Re: [rust-dev] LL(1) problems

2013-04-25 Thread John Clements

On Apr 25, 2013, at 7:04 AM, Graydon Hoare wrote:

 On 13-04-24 11:39 PM, Lindsey Kuper wrote:
 On Thu, Apr 25, 2013 at 1:25 AM, Patrick Walton pwal...@mozilla.com wrote:
 I have an untested grammar for Rust here,
 with the token regexes not yet filled in:
 
 https://gist.github.com/anonymous/5457664
 
 yapps2 reports that this grammar is LL(1).
 
 Note that the refactorings I made resulted in a grammar which isn't that
 great for tooling or parsing in many places. In particular the contortions
 needed to make `self_ty_and_maybenamed_args` result in an AST that combines
 the self type and the type of the first argument together in bizarre ways.
 
 Since this is untested, I'm sure there are bugs, but it's probably a good
 sign that I could at least refactor the grammar to what I think is LL(1).
 
 This is really cool, but I'm sort of confused about the apparent
 multiple ongoing efforts toward having a precise and machine-readable
 Rust grammar.  Should we consider one of these the real grammar?
 
 This is a translation of the one John just finished (which was for antlr4, a 
 very flexible any LL(k) grammar) into input for yapps2, which (as far as I 
 know) has the distinguishing features of being-in-python and 
 being-able-to-tell-us-about-LL(1)-conflicts. I believe it's still the same 
 grammar as John did, just massaged to target a different tool. At some point 
 I'd like a library that can consume/emit the 97 different equivalent dialects 
 of EBNF used by different tools, so we can do this sort of exercise a little 
 more readily.
 
 In any case that is (as far as I know) the only multiplicity of grammars 
 floating about. The previous attempt here was one I made, targeting 
 llnextgen, but it was abandoned mid-way-through (the results of which are 
 currently on display in the reference manual).

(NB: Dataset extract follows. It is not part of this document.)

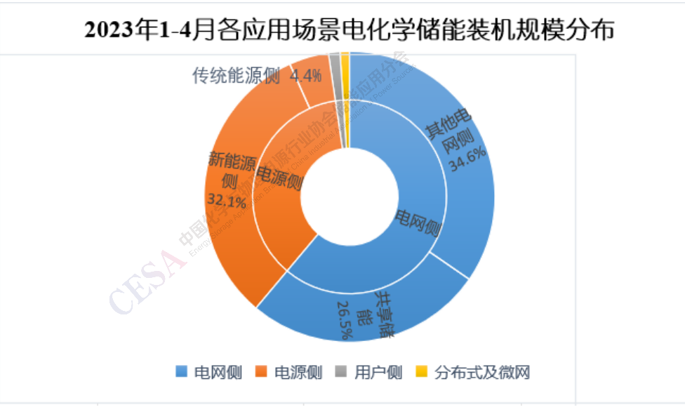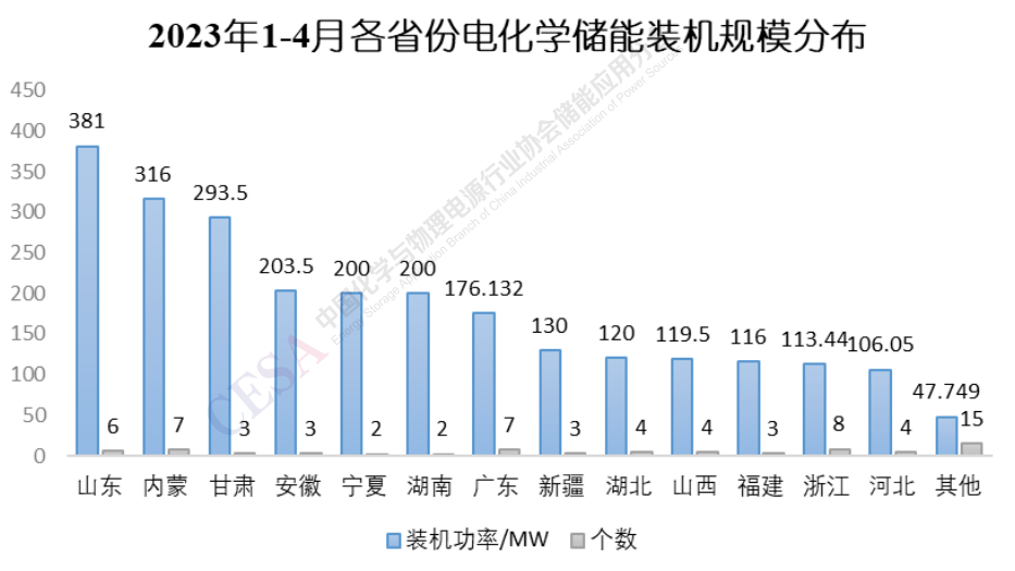 由圖5可知,2023年1-4月份共有13個(gè)省份電化學(xué)儲(chǔ)能項(xiàng)目裝機(jī)規(guī)模達(dá)到100MW,依次是山東、內(nèi)蒙古、甘肅、安徽、寧夏、湖南、廣東、新疆、湖北、山西、福建、浙江和河北。其中山東和內(nèi)蒙古裝機(jī)規(guī)模分別為381MW和316MW,從規(guī)模和數(shù)量總體上講,在各省份中遙遙領(lǐng)先,山東共有山東沂水300MW/600MWh儲(chǔ)能示范項(xiàng)目一期和萊北華電獨(dú)立儲(chǔ)能電站2個(gè)100MW級(jí)電網(wǎng)側(cè)儲(chǔ)能項(xiàng)目投運(yùn);同樣得益于兩個(gè)100MW級(jí)儲(chǔ)能項(xiàng)目的投運(yùn),甘肅電化學(xué)儲(chǔ)能裝機(jī)規(guī)模位列各省份第3位,其中由中國(guó)能建西北院設(shè)計(jì)的330千伏建航儲(chǔ)能電站一期工程最為惹眼,它是目前全國(guó)電壓等級(jí)最高的儲(chǔ)能電站,其作為甘肅省“十四五”第一批新能源項(xiàng)目的代表之一,為甘肅新型儲(chǔ)能項(xiàng)目的發(fā)展樹(shù)立了榜樣;安徽、寧夏、湖南三個(gè)省份,自去年開(kāi)始大力發(fā)展大型電網(wǎng)側(cè)共享儲(chǔ)能和獨(dú)立儲(chǔ)能項(xiàng)目,1-4月,也各有兩個(gè)100MW級(jí)電化學(xué)儲(chǔ)能項(xiàng)目投運(yùn),裝機(jī)規(guī)模躋身前列,廣東和浙江兩省電化學(xué)儲(chǔ)能項(xiàng)目投運(yùn)個(gè)數(shù)頗多,但總裝機(jī)規(guī)模相對(duì)較小,這主要是其用戶側(cè)儲(chǔ)能占比較大的應(yīng)用場(chǎng)景構(gòu)成導(dǎo)致的。

FWIW, I'm (mildly) concerned too.  In particular, I'm disappointed to discover 
that in its present form (and using my present caveman-like invocation style), 
ANTLR parses source files so slowly that it's impossible to use directly as a 
validation tool; I would very much like to directly validate the grammar used 
for documentation purposes against the existing sources.  I haven't yet asked 
for help from the ANTLR folks, because I don't yet feel like I've finished due 
diligence on RTFMing ANTLR, which I would prefer to do before dumping the 
problem in their lap.

John

___
Rust-dev mailing list
Rust-dev@mozilla.org
https://mail.mozilla.org/listinfo/rust-dev


Re: [rust-dev] LL(1) problems

2013-04-25 Thread Patrick Walton

On 4/25/13 12:08 AM, Alex Bradbury wrote:

On 25 April 2013 06:25, Patrick Walton pwal...@mozilla.com wrote:

Note that the refactorings I made resulted in a grammar which isn't that
great for tooling or parsing in many places. In particular the contortions
needed to make `self_ty_and_maybenamed_args` result in an AST that combines
the self type and the type of the first argument together in bizarre ways.


So that implies disallowing self as an identifier might be useful. Are
there other changes of a similar nature that should be considered?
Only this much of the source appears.